This tutorial will show you how microViz makes working with phyloseq objects easier.
library(dplyr)
#>
#> Attaching package: 'dplyr'
#> The following objects are masked from 'package:stats':
#>
#> filter, lag
#> The following objects are masked from 'package:base':
#>
#> intersect, setdiff, setequal, union
library(phyloseq)
library(microViz)
#> microViz version 0.12.6 - Copyright (C) 2021-2024 David Barnett
#> ! Website: https://david-barnett.github.io/microViz
#> ✔ Useful? For citation details, run: `citation("microViz")`
#> ✖ Silence? `suppressPackageStartupMessages(library(microViz))`
phyloseq objects are probably the most commonly used data format for working with microbiome data in R.
The creator of phyloseq, Paul J. McMurdie, explains the structure of phyloseq objects and how to construct them on the phyloseq website.
biom format files can be
imported to phyloseq with the import_biom
function.

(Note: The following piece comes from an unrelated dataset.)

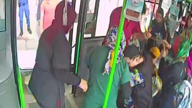 Bursa İnegöl'de bir halk otobüsü şoförünün araç içinde fenalaşan yaşlı kadını kurtarıp hastaneye götürmesi saniye saniye kameralara yansıdı.

Such biom files are generated (or can be) from many processing
tools including QIIME 1 / 2, MetaPhlAn,
and NG-Tax.
mothur output is also directly
supported via phyloseq’s import_mothur
function.
DADA2 output can converted to phyloseq according to these DADA2 handoff instructions
Don’t worry too much about getting all of your sample metadata into
your biom file or phyloseq object at the start, as
ps_join()
makes it easy to add sample data later.
# This tutorial will just use some example data
# It is already available as a phyloseq object from the corncob package
example_ps <- microViz::ibd
example_ps
#> phyloseq-class experiment-level object
#> otu_table() OTU Table: [ 36349 taxa and 91 samples ]
#> sample_data() Sample Data: [ 91 samples by 15 sample variables ]
#> tax_table() Taxonomy Table: [ 36349 taxa by 7 taxonomic ranks ]
phyloseq checks that your sample and taxa names are consistent across
the different slots of the phyloseq object. microViz provides
phyloseq_validate()
to check for and fix other possible
problems with your phyloseq that might cause problems in later analyses.
It is recommended to run this at the start of your analyses, and fix any
problems identified.
example_ps <- phyloseq_validate(example_ps, remove_undetected = TRUE)
#> Short values detected in phyloseq tax_table (nchar<4) :
#> Consider using tax_fix() to make taxa uniquely identifiable
example_ps <- tax_fix(example_ps)
Once you have a valid phyloseq object, microViz provides several helpful functions for manipulating that object. The names and syntax of some functions will be familiar to users of dplyr, and reading the dplyr help pages may be useful for getting the most out of these functions.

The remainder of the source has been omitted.